そんなシャルの誠意を無碍にして頭ごなしに駄目だと言うのは、可哀想じゃないか。
というか、本当は行くなと言おうとしたんだが、しょぼくれて「行かない」と言うシャルに罪悪感をあれされて……ッ!
結果、過去の失敗もあって、許可を出すことにしたわけだ。
俺は昨日の夜のうちにライゼンの部屋を訪ねて変装用の鬼族化薬を貰い、ついでにこっそりと今日の休みを取った。
書類仕事はまたフルスロットルでやるから問題ない。
多少会議と謁見がごちゃついたので、ライゼンに小言をくらったのが問題だったが、安心しろ。
そこはまぁ温厚な俺のあまり使わない方法──作戦名力で物を言わせるを発動させてまかり通したぜ。
俺は王様だしな。魔族だしな。
そして休みなのにしれっと朝からシャルにおはようとキスと、行ってらっしゃいを貰い、出勤。
執務室へ行くフリをして待ち合わせ場所に先行待機。
周囲の反応でバレないよう、念の為に姿も変えた。
待ち合わせ場所から街までのルートに生息していた危険そうな魔物を、先に細切れにして焼き尽くしておく。
細やかな気遣いも、忘れない。それが魔王。
ふふん。
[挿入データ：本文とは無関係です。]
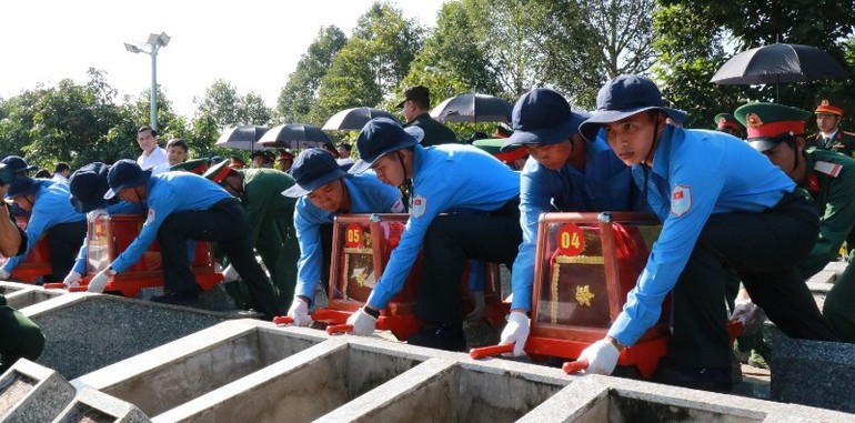 Trong Lễ truy điệu hài cốt liệt sĩ quân tình nguyện và chuyên gia Việt Nam hy sinh qua các thời kỳ chiến tranh ở Campuchia được được tỉnh Đồng Tháp tổ chức vào tháng 7/2025 tại Nghĩa trang liệt sĩ Tam Nông, đồng chí Huỳnh Minh Tuấn, Phó Chủ tịch UBND tỉnh, Trưởng Ban Chỉ đạo 515 tỉnh Đồng Tháp cho biết: Do điều kiện chiến tranh ác liệt kéo dài, 41 hài cốt liệt sĩ đưa về Tổ quốc đợt này chưa xác định được tên, tuổi, quê quán; song, dù quê quán ở đâu, xin linh hồn các liệt sĩ hãy xem quê hương Đồng Tháp là đất lành để an nghỉ. Đảng bộ và nhân dân Đồng Tháp xin thay mặt Nhân dân cả nước, nguyện chăm sóc, giữ gìn phần mộ của các liệt sĩ, Nhân dân tỉnh Đồng Tháp quyết biến đau thương thành hành động, quyết tâm thực hiện hoài bão của các liệt sĩ lúc sinh thời, tiếp tục ra sức bảo vệ và xây dựng đất nước ngày càng giàu đẹp; đồng thời, tiếp tục giữ gìn và vun đắp tình đoàn kết hữu nghị của hai dân tộc Việt Nam - Campuchia. Đó là lễ vật cao quý kính dâng, bày tỏ lòng tri ân đến các anh hùng liệt sĩ.

できる男は気付かれないように、できるだけ快適なお出かけを守るもんだぜ。
コソコソと話に聞き耳立てながら、俺はなるべく気配を消して後をつける。
それを世間一般的には〝ストーカー〟と呼ぶらしいが、そんなことには気づかない俺だった。
『くぅぅ……っしかし幽鬼バージョンのシャルもかわいいぜ……!』
コソコソ見守りつつ、尻尾をブンブン振って、いつもと一味違うテイストになったシャルを目に焼き付ける。
幽鬼ってえのは死霊が力を持って鬼になった魔物で、本来はアンデッド系を主食にする、いわゆる幽霊みたいな見た目の鬼だ。
魔物だと厳つくて不気味で、一部は断固拒否レベルで嫌がる。
魔族だとあんな感じで黒い髪に細い角が生えた姿をしている。
擬態はすこぶるうまくいったらしい。
(と言うか、普段よりちょっとクールじゃねぇか……! 目つきがやや鋭い……! 俺を殺しにかかってた時みたいでアガる……!)
内心でホットに悶え、いい仕事しやがるな薬! と親指を立ててウキウキと街までの道を歩いた。